**What you will do:**
Reproduce, exactly and in full, the lines from the one with "Tiny cute little" through the one with "Stylish TARO laptop" in the data below; drop pictures.

**Dataset records:**
Segment Open
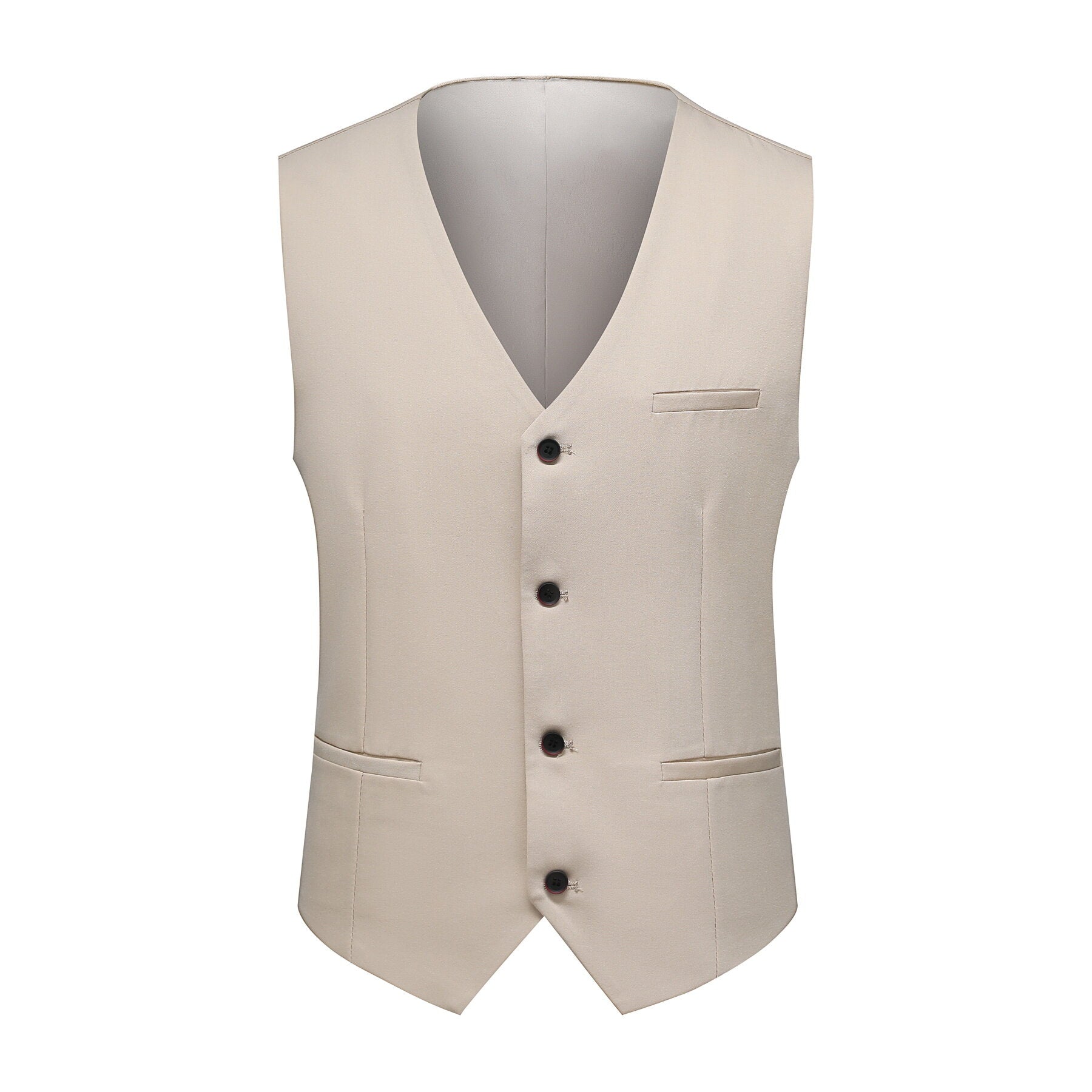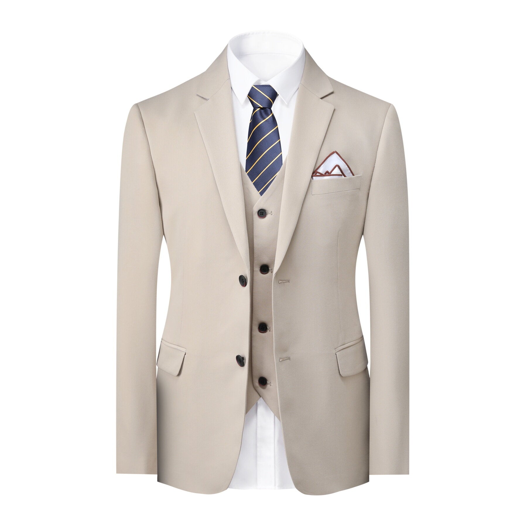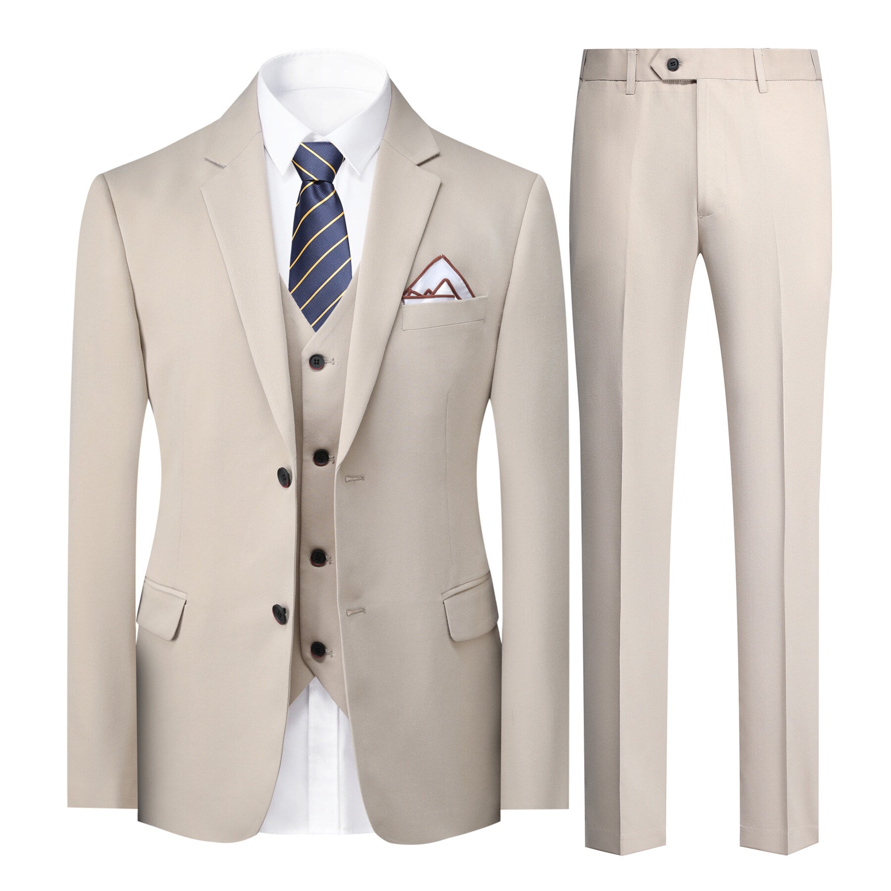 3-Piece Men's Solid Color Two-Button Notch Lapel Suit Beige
Segment Closed
Segment Open
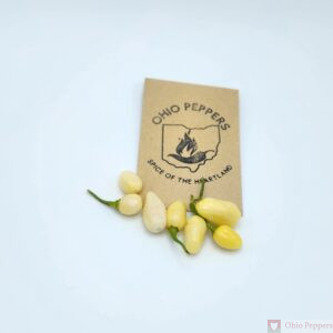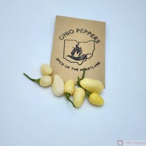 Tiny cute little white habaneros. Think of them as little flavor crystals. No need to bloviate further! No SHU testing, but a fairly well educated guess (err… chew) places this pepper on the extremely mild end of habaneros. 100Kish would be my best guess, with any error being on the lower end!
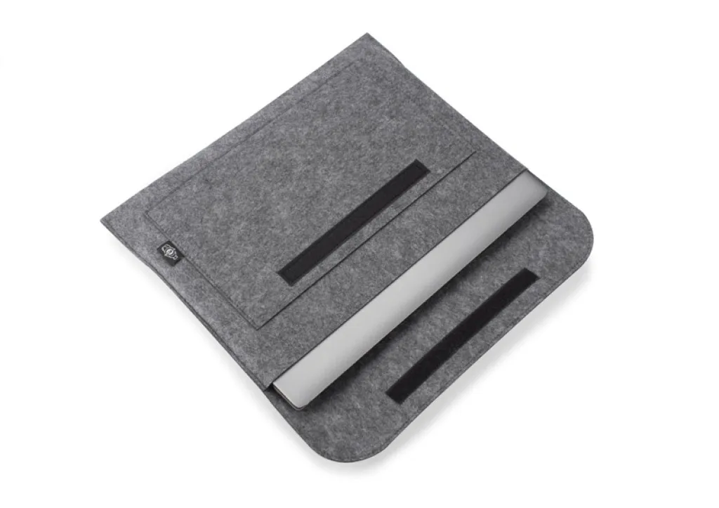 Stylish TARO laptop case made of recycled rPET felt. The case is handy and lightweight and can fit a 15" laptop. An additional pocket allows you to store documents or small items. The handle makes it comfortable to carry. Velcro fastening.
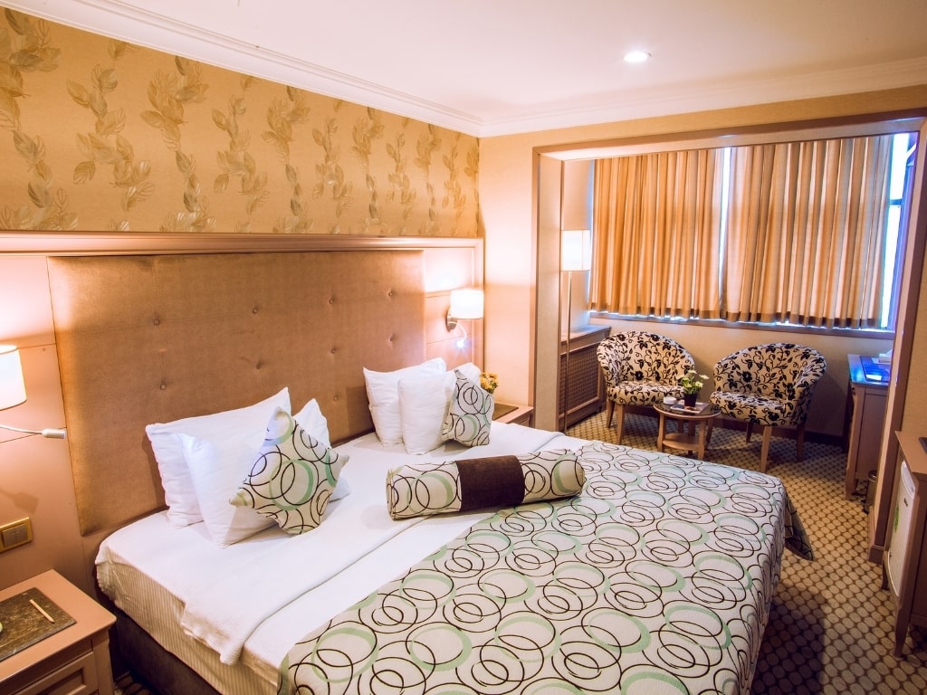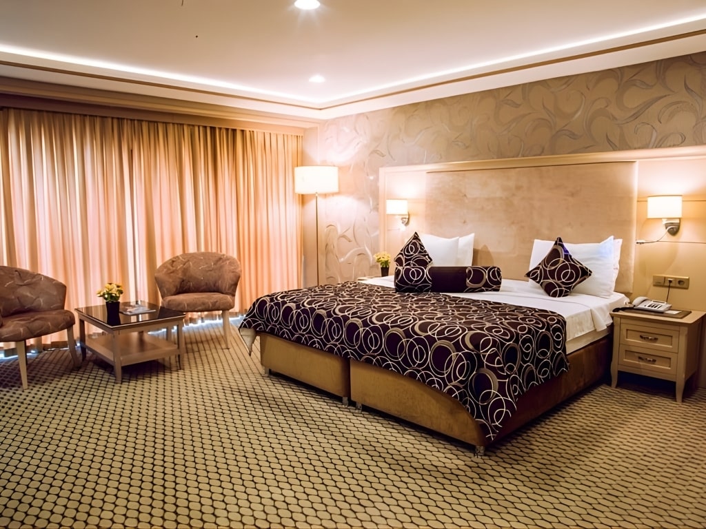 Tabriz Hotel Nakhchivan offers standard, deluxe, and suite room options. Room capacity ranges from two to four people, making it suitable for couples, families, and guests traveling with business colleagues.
Segment Closed
**Answer to this problem:**
 Tiny cute little white habaneros. Think of them as little flavor crystals. No need to bloviate further! No SHU testing, but a fairly well educated guess (err… chew) places this pepper on the extremely mild end of habaneros. 100Kish would be my best guess, with any error being on the lower end!
 Stylish TARO laptop case made of recycled rPET felt. The case is handy and lightweight and can fit a 15" laptop. An additional pocket allows you to store documents or small items. The handle makes it comfortable to carry. Velcro fastening.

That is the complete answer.